• [Problem description] Go through the listing below and write out exactly the lines from the one that mentions "这样的设计大大节约了室内空间" through the one that mentions "井村一登《Wall- ordered convexo", minus the pictures.

• [Dataset excerpts]
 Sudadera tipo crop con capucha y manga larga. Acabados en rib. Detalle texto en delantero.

* * *

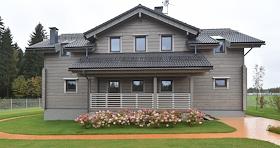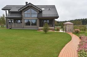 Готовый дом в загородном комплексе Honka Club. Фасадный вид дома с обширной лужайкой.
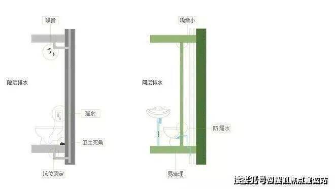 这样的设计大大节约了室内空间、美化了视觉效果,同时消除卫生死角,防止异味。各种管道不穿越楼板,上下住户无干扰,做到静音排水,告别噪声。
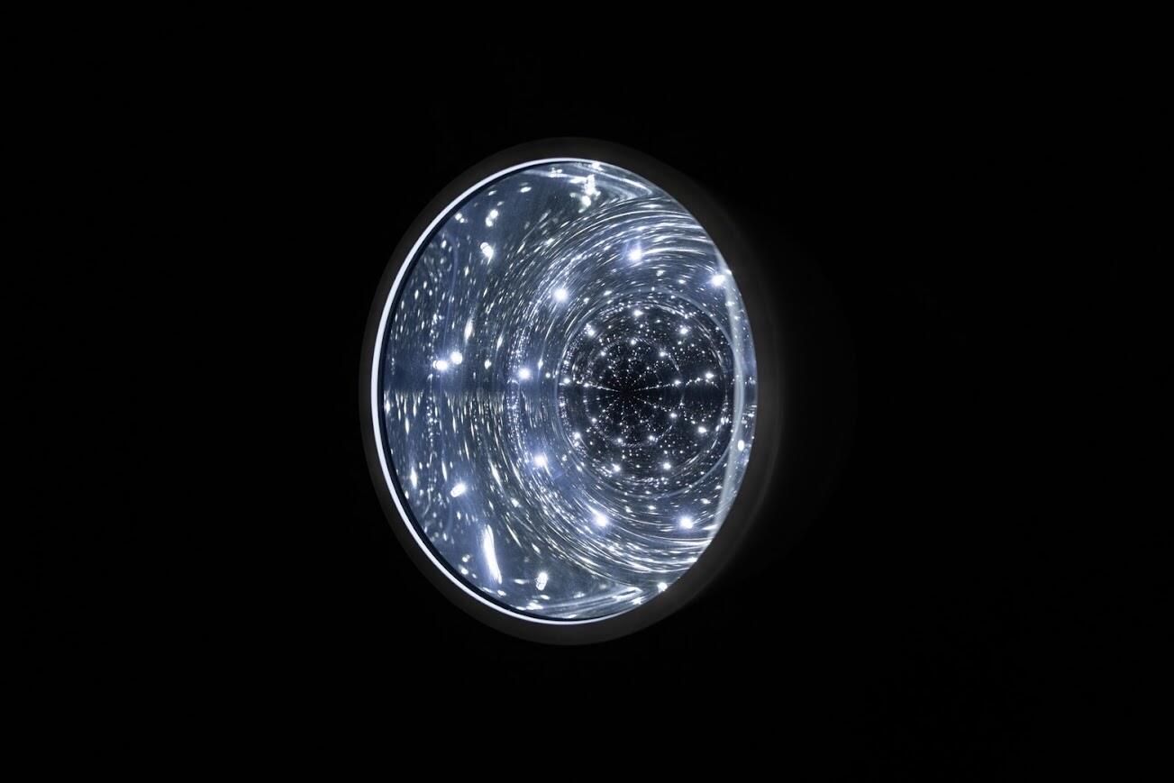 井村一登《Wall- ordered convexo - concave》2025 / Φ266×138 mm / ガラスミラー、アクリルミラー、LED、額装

• [Task solution]
 这样的设计大大节约了室内空间、美化了视觉效果,同时消除卫生死角,防止异味。各种管道不穿越楼板,上下住户无干扰,做到静音排水,告别噪声。
 井村一登《Wall- ordered convexo - concave》2025 / Φ266×138 mm / ガラスミラー、アクリルミラー、LED、額装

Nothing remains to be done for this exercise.